Improving Fibrosis Outcomes With Metformin

April 13, 2018 updated by: Ottawa Hospital Research Institute

Improving Treatment and Liver Fibrosis Outcomes With Metformin in HCV-HIV Co-infected and HCV Mono-infected Patients With Insulin Resistance.

This study will evaluate the role of Metformin on liver fibrosis in HCV-HIV co-infected and HCV mono-infected patients with insulin resistance receiving DAA HCV treatment.

Study Overview

Status

Withdrawn

Conditions

Intervention / Treatment

Detailed Description

HCV antiviral therapy has evolved rapidly in recent years and access to these medications has improved. While SVR is associated with improved liver outcomes, the rate of liver fibrosis regression with SVR is variable and predictors of regression are not well established. In addition, achieving SVR in patients with cirrhosis does not necessarily prevent decompensation or eliminate the risk of HCC. A better understanding of the role insulin resistance and impaired glucose metabolism have on these outcomes in HCV patients who achieve SVR are needed.

Identifying and targeting potentially modifiable risk factors such as IR may be of significant importance in preventing progression of and promoting regression of liver fibrosis, reducing mortality and improving outcomes for HCV-HIV co-infected and HCV-mono-infected patients.

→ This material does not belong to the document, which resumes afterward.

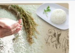
ข้าวหอมมะลิทุ่งกุลาร่องไห้ Thung Kula Rong-Hai Thai Hom Mali Rice

ปัจจุบัน ขึ้นทะเบียนสินค้า GI ไทย รวม 171 สินค้า จาก 77 จังหวัด สามารถสร้างมูลค่าการตลาดรวมกว่า 40,000 ล้านบาท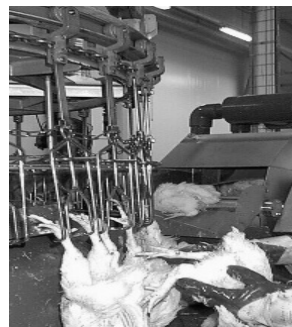
Figur 7. Upphängning.

När fåglarna kommer ur tunneln ramlar de ned från bandet till en så kallad karusell, som består av en roterande platta (se figur 6). Här står personal och plockar upp djuren manuellt och hänger upp dem i benen på byglar (se figur 7).

This proposed pilot study will be the first to evaluate the role of Metformin on liver fibrosis in HCV-HIV co-infected and HCV mono-infected patients with IR receiving DAA HCV treatment.

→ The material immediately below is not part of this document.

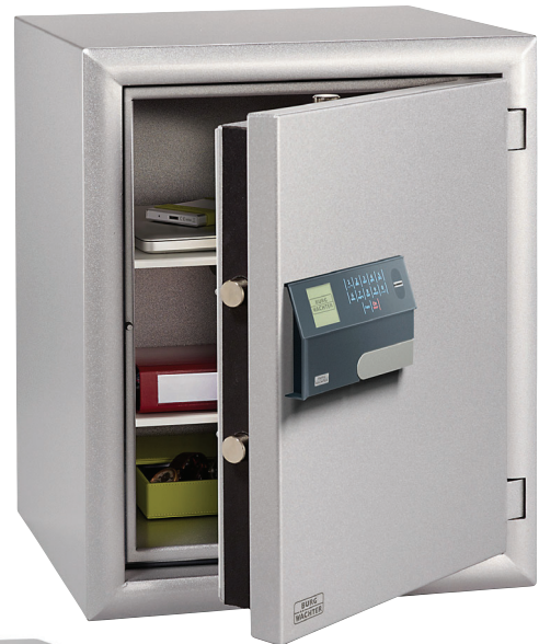
MTD 760 E FP

If Metformin is effective in reducing liver fibrosis in this patient population, this will represent a well-tolerated, easy to administer, inexpensive therapy that will protect against negative HCV outcomes. This study will also be an opportunity to evaluate the impact of insulin resistance and hyperglycemia have on viral clearance HCV-infected patients treated with interferon-free regimens. In addition, the study will further explore the relationship between HCV, insulin resistance and AFP levels.

Study Type

Interventional

Phase

  • Phase 2

Contacts and Locations

This section provides the contact details for those conducting the study, and information on where this study is being conducted.

Study Locations

  • Canada
    • Ontario
      • Ottawa, Ontario, Canada
        • The Ottawa Hospital, General Campus

Participation Criteria

Researchers look for people who fit a certain description, called eligibility criteria. Some examples of these criteria are a person's general health condition or prior treatments.

Eligibility Criteria

Ages Eligible for Study

18 years to 79 years (Adult, Older Adult)

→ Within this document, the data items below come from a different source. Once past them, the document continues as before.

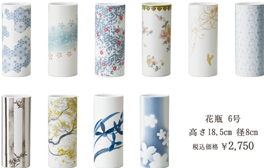
花瓶 6号 高さ18.5cm 径8cm 税込価格 ¥2,750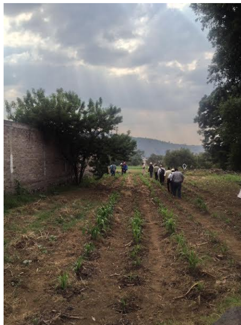
Recorridos a diversos puntos de la delegación Xochimilco.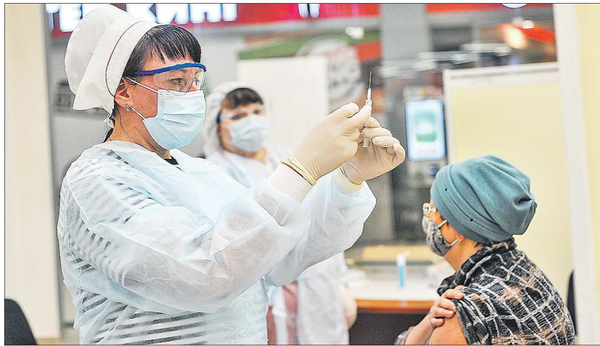
Поставить прививку против гриппа в этом году можно даже в торговом центре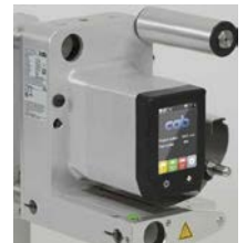
Intuitiv geführter Berührungsbildschirm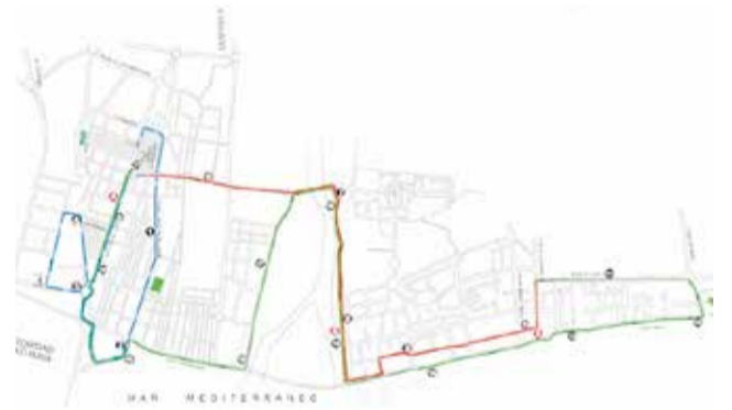
El recorregut de la carrera.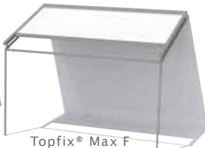
Topfix® Max F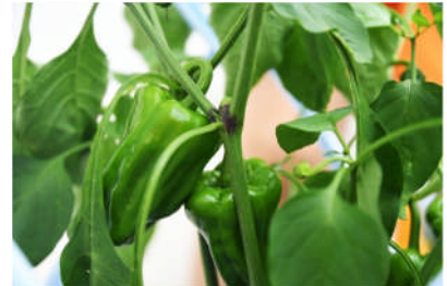
いきのいい実り：2年生のピーマン

Accepts Healthy Volunteers

No

Genders Eligible for Study

All

Description

Inclusion Criteria:

  1. Male or female, 18 to 79 years old inclusive
  2. Provision of informed consent
  3. Documented history of chronic HCV RNA infection
  4. Intending to start on any 8-12 week IFN-free HCV antiviral therapy
  5. If HIV-infected and not on HIV antiretroviral therapy, a CD4 count at least > 200
  6. Insulin resistance as determined by a HOMA-IR of > 2.0 at screening
  7. Evidence of fibrosis on FibroScan® > 8.0 kPa, OR liver biopsy score > 2 (Batts-Ludwig System) [55] (within 2 years)

Exclusion Criteria:

  1. Pregnant, suspected to be pregnant, planning to become pregnant or breastfeeding
  2. Chronic HBV infection
  3. HbA1c > 8.0
  4. Use of immune suppressing medications
  5. Active malignancy
  6. Current or any previous treatment with Metformin, other oral diabetes medications,insulin
  7. Pre-existing diabetes (type 1, type 2 or gestational diabetes)
  8. Clinical evidence of decompensated cirrhosis (ascites, esophageal varices, hepatic encephalopathy, hepatocellular carcinoma)
  9. Presence of renal impairment or when renal function is not known, and also in patients with serum creatinine levels above upper limit of normal range. Renal disease or renal dysfunction (e.g., as suggested by serum creatinine levels >= 136 umol/L (males), >= 124 umol/L (females) or abnormal creatinine clearance (60 mL/min))
  10. History of congestive heart failure requiring pharmacologic therapy
  11. Wilson's disease
  12. Alpha-1 antitrypsin
  13. Hemochromatosis
  14. Biliary Cirrhosis
  15. Alcohol consumption > 50 g / day on average (see Appendix B for conversion to volume)
  16. Participation in other clinical investigations during the study
  17. History of lactic acidosis, irrespective of precipitating factors

Active illicit drug use and stable health illness will not be exclusionary assuming it is unlikely to compromise study adherence to protocol and study drug. In HIV-infected participants, HIV antiretroviral use and suppressed HIV viral load will not be required for participation.

HCV antiviral therapy will not be withheld for any participant that is eligible and desires to start treatment. If HCV treatment is anticipated to be started during the 48-week period of assessment, then participants will not be enrolled.

Study Plan

This section provides details of the study plan, including how the study is designed and what the study is measuring.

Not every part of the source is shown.